Submitted by on Jan 31, 2014 – 10:10 am | 5,374 views

Social worker Caroline (Mary Beth Fisher) gets a lecture from her boss (Erik Hellman) in Rebecca Gilman's 'Luna Gale.' (Liz Lauren photo)Review: World premiere of “Luna Gale” by Rebecca Gilman, at Goodman Theatre through Feb. 23. ★★★★★

By Lawrence B. Johnson

Caroline is a social worker whose job it is to rescue neglected and abused children and find decent homes for them. She goes about her task seriously – one of her former charges gently rebukes her for being “always on topic.” In Rebecca Gilman’s radiant and disturbing new play “Luna Gale,” Caroline comes to her melancholy topic with a full heart as well as her own imperfect history. 

Case worker Caroline (Mary Beth Fisher) could use the help of her mirror image to serve the many kids in need of rescue in 'Luna Gale.' (Liz Lauren)She’s an authentic heroine, one with feet of clay, and imbued with vulnerable humanity in a performance by Mary Beth Fisher that leaves one wishing only to hit replay and see it again.

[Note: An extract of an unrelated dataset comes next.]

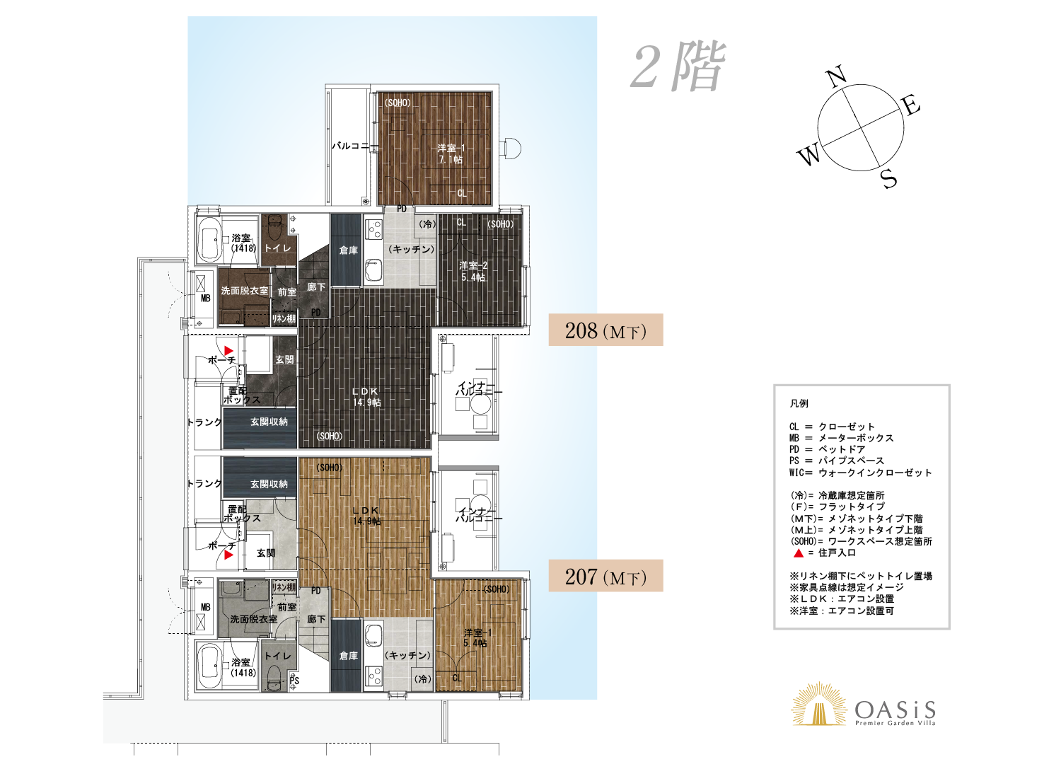 東棟の北側部分、1階〜4階のブロックです。1階は1層構造フラットタイプが2戸。2階と3階、3階と4階には2層構造メゾネットタイプがそれぞれ2戸ずつで構成されております。

“Luna Gale” – the name given to a child by its unmarried, drugged-out teenage parents – portrays social services as understaffed, overwhelmed and run by a mix of the incompetent and the agenda-driven. And yet, despite some lines of dramatically amplified despair from Caroline, the play does not come off as righteous polemic. Quite apart from the insufficiencies of funding and resources in the rescue program (the setting is Cedar Rapids, Iowa), we care about the two kids at the center of the story and this dauntless social worker because their mutual entanglement is compelling, complex and constantly surprising. It is, in short, another piece of smartly crafted theater from this master playwright.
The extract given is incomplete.